Data supplied:
※ ※ ※
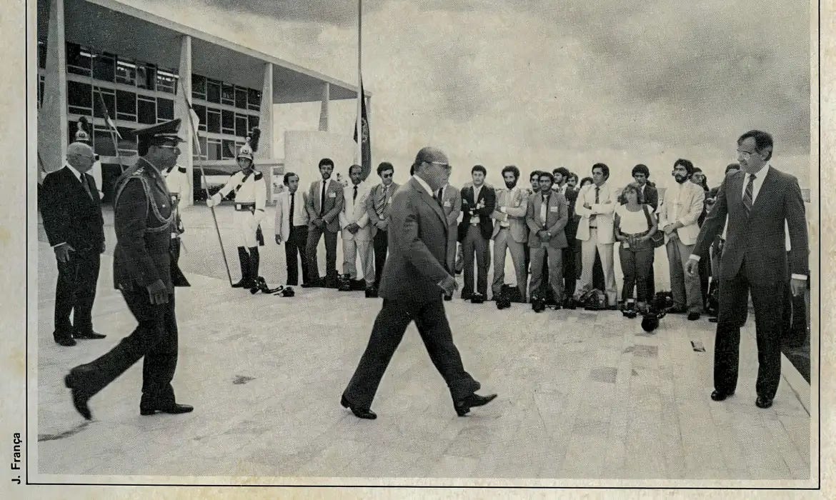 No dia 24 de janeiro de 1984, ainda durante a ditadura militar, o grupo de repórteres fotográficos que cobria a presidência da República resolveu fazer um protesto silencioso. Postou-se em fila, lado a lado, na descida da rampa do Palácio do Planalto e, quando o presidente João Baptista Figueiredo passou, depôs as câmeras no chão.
※ ※ ※
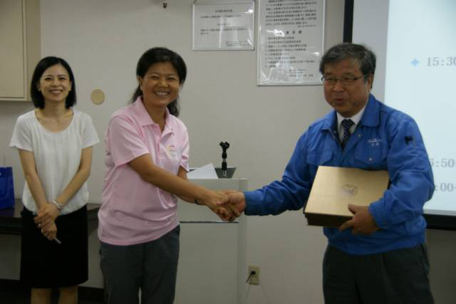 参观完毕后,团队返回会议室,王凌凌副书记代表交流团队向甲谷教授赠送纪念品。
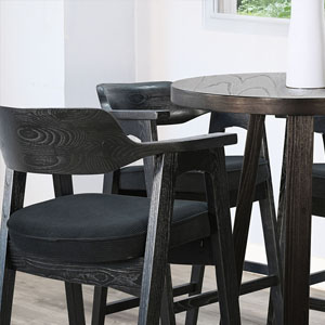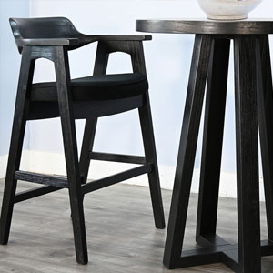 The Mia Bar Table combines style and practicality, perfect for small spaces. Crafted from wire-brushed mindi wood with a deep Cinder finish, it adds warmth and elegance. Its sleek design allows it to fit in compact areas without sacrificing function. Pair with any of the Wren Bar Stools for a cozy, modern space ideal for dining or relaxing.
※ ※ ※
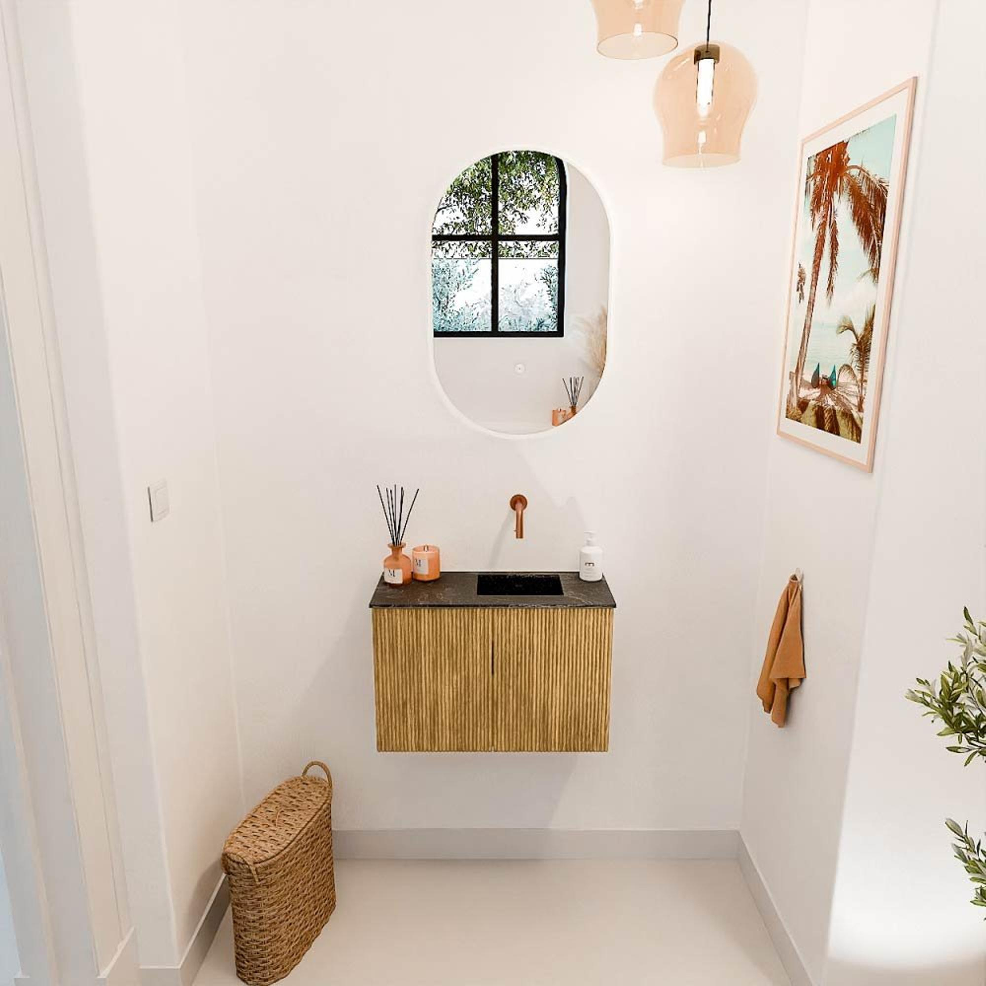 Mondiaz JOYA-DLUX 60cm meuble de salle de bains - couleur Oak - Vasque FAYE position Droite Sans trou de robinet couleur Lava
※ ※ ※
Aim of the exercise: Please return the material above only from the line that holds "参观完毕后,团队返回会议室,王凌凌副书记代表交流团队向甲谷教授赠送纪念品。" through the line that holds "The Mia Bar", exactly as it stands, ends included and pictures omitted.

Output:
 参观完毕后,团队返回会议室,王凌凌副书记代表交流团队向甲谷教授赠送纪念品。
 The Mia Bar Table combines style and practicality, perfect for small spaces. Crafted from wire-brushed mindi wood with a deep Cinder finish, it adds warmth and elegance. Its sleek design allows it to fit in compact areas without sacrificing function. Pair with any of the Wren Bar Stools for a cozy, modern space ideal for dining or relaxing.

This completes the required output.